The chemistry of polyfluorinated azides

In 2017, we reported a breakthrough in azide chemistry. CF3N3 and longer carbon chain analogues were prepared from silanes or other carbanion precursors, which opened a door to study properties and reactivity of these compounds. They are no longer regarded as chemical curiosities. Furthermore, they were shown to be stable and not explosive (Angewandte Chemie International Edition  56: 346, 2017). Subsequently, other fluorinated azides such as HCF2N3 (European Journal of Organic Chemistry 5087, 2018), BrCF2N3, BrCF2CF2N3 (Journal of Organic Chemistry  85: 11482, 2020), RCF2CF2N3 (Organic and Biomolecular Chemistry  15: 4962, 2017) and FCH2N3 (Organic Chemistry Frontiers  7: 10, 2020) were prepared. They readily underwent copper(I)-catalyzed azide-alkyne cycyloadditions (CuAAC) and enamine-mediated azide-ketone cycloadditions (ChemistrySelect  3: 7045, 208) to form novel N-perfluoroalkyl triazoles. Preparation and reactivity of fluorinated azides was recently reviewed (Chemistry – A European Journal 773, 2020).
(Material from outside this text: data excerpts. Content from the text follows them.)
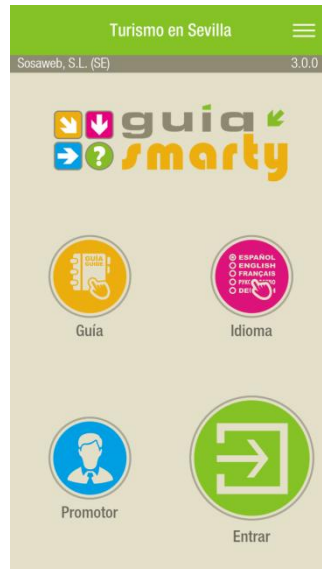
Pantalla de inicio de la aplicación GuíaSmarty

También tenemos tres botones desde donde podemos ver toda la información necesaria del Promotor de la Guía, como un botón donde podemos volver a seleccionar otra Guía y un botón para la selección del Idioma.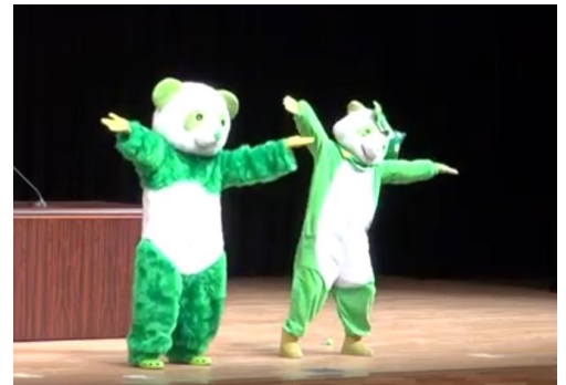
↑ 踊るススミンとススミン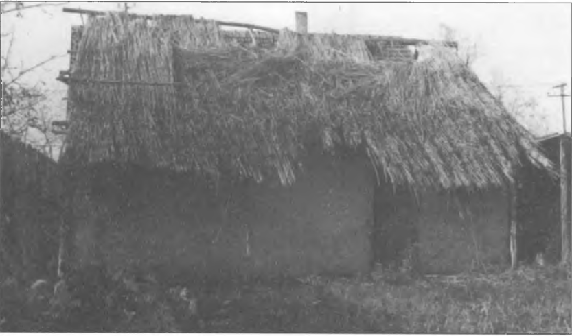
Az 1970–80-as évekre fennmaradt telepes házak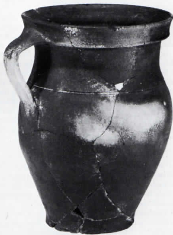
Abb. 2: Henkeltopf, reduzierend gebrannt. Höhe 18,3 cm.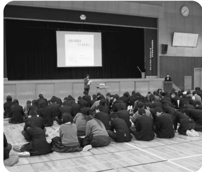
対等な関係をつくるために — 真剣に学ぶ多可高生 —

現在、個性や能力を十分発揮できる「男女共同参画社会」の実現に向けたさまざまな取り組みが進められています。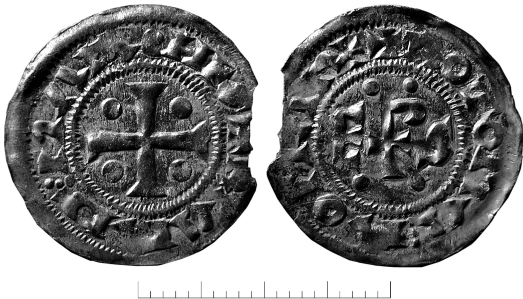
Рис. 3. Денарий нормандского герцога Ричарда I из клада Скёггс, аверс и реверс, Готланд, Швеция (SHM 7353).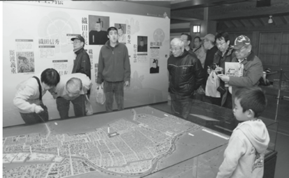
ジオラマを眺める来場者

展示内容を一新し、3月20日に清洲城がリニューアルオープンするのに先がけ、14日に市民を対象にした内覧会（無料）が行われました。オープニングセレモニーにおいて、出陣太鼓と能「幸若舞」が演舞された後、加藤市長のオープン宣言により内覧会がスタート。この日訪れた約1400人の来場者は、映像とジオラマで当時の城下町を再現したコーナーやNHK大河ドラマで使用した衣装の展示コーナーなどを興味深く眺めていました。

In the presence of superacids, azidotrifluoromethane protonates on nitrogen one to trifluoromethylamino diazonium cations (CF3NHN2)+ (Angewandte Chemie International Eddition  59: 12520, 2020) (collaboration with University of Southern California).

Heating N-(per)fluoroalkyl triazoles in the presence of rhodium catalyst allows to enter rhodium carbene chemistry for the synthesis of novel N-(per)fluoroalkyl pyrroles, imidazoles, azepines, oxazoles, thiazoles and other heterocycles (Chemical Communications  54: 3258, 2018, Journal of Organic Chemistry  83: 15195, 2018, Organic Chemistry Frontiers  6: 3776, 2019).
A new reactive mode was discovered in N-(per)fluoroalkyl triazoles. In the presence of superacids, such as triflic acid or fluorosulfonic acid, the triazoles ring open and vinyl triflates enamides are formed via a vinyl cation (Chemistry – A European Journal  25: 7640, 2019).